Assignment:
Could you print exactly the lines of the listing below, starting at the line that has "3 large very" and ending at the line that has "Tesla Model Y Seat", and only those lines?

The records:
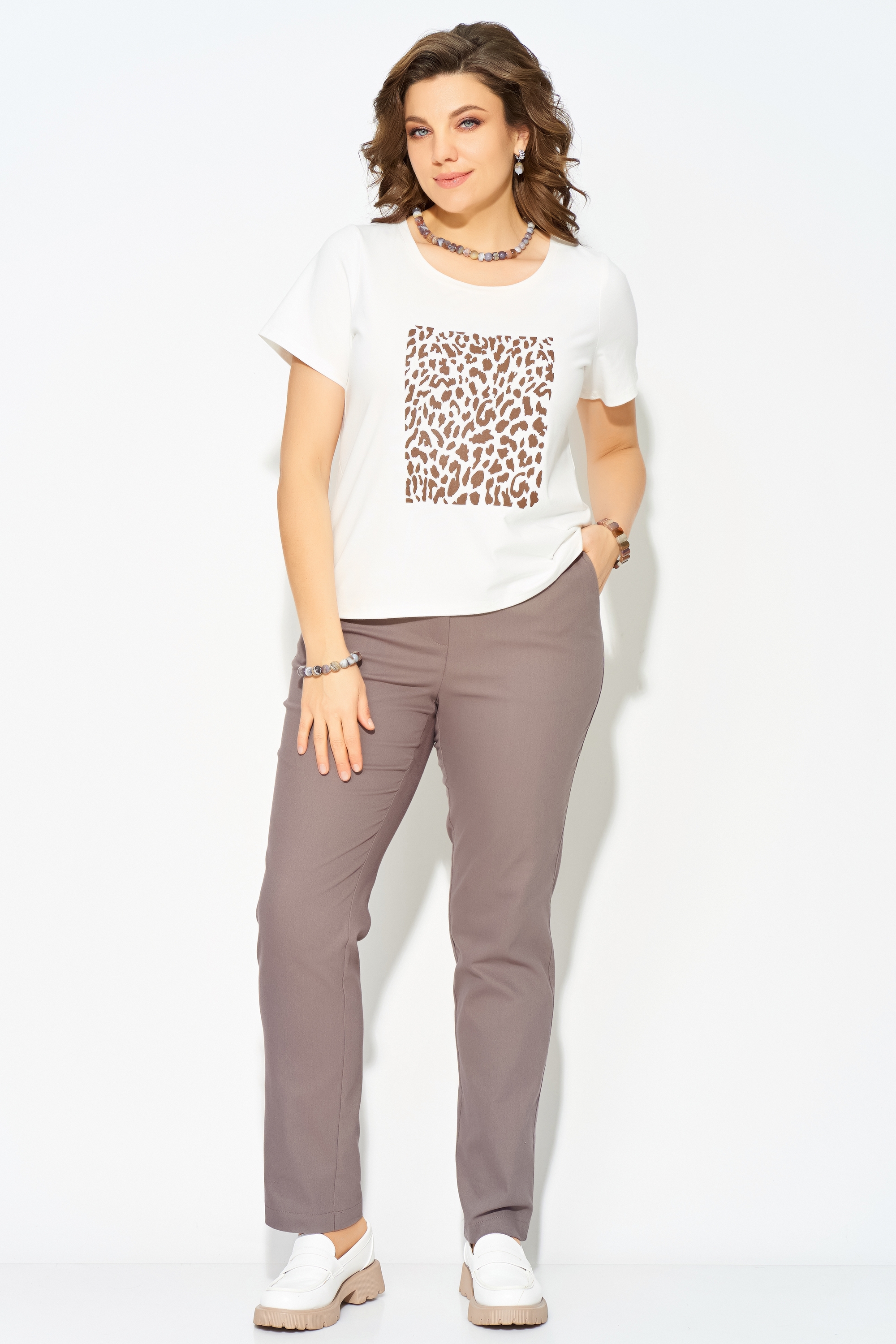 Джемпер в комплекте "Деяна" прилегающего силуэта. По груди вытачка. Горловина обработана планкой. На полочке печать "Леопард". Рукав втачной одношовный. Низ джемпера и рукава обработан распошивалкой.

* * *

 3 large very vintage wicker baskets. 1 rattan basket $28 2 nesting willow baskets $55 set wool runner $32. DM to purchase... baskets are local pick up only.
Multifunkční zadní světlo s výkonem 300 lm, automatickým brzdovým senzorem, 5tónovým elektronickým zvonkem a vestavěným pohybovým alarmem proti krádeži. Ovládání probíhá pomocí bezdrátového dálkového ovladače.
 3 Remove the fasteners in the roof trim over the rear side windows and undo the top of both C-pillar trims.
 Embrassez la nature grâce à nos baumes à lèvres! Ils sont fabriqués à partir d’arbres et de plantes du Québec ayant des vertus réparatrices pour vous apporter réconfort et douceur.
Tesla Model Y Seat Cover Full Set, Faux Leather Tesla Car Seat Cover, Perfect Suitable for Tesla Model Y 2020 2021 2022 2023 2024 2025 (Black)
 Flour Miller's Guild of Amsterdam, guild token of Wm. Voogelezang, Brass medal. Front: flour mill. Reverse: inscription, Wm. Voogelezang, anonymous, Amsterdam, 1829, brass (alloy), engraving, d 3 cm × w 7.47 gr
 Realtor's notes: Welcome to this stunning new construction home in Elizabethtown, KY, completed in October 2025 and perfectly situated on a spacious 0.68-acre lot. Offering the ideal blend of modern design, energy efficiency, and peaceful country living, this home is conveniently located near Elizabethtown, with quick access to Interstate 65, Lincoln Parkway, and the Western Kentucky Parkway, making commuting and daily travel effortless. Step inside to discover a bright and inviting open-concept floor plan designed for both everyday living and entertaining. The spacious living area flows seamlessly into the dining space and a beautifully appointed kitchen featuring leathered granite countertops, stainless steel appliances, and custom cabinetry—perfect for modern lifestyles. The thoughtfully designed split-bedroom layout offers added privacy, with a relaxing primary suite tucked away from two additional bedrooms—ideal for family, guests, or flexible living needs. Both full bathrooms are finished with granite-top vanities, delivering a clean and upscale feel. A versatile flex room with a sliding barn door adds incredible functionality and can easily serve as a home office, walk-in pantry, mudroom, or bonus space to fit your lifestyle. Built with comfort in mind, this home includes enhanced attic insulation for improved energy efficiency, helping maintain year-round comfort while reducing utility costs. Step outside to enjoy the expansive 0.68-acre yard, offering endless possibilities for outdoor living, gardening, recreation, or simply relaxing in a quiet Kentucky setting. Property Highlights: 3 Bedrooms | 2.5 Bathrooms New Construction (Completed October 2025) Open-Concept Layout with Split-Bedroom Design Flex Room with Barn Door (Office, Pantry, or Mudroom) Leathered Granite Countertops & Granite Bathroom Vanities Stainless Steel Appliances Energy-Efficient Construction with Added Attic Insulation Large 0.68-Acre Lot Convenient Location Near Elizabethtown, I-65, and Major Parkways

Reply:
 3 large very vintage wicker baskets. 1 rattan basket $28 2 nesting willow baskets $55 set wool runner $32. DM to purchase... baskets are local pick up only.
Multifunkční zadní světlo s výkonem 300 lm, automatickým brzdovým senzorem, 5tónovým elektronickým zvonkem a vestavěným pohybovým alarmem proti krádeži. Ovládání probíhá pomocí bezdrátového dálkového ovladače.
 3 Remove the fasteners in the roof trim over the rear side windows and undo the top of both C-pillar trims.
 Embrassez la nature grâce à nos baumes à lèvres! Ils sont fabriqués à partir d’arbres et de plantes du Québec ayant des vertus réparatrices pour vous apporter réconfort et douceur.
Tesla Model Y Seat Cover Full Set, Faux Leather Tesla Car Seat Cover, Perfect Suitable for Tesla Model Y 2020 2021 2022 2023 2024 2025 (Black)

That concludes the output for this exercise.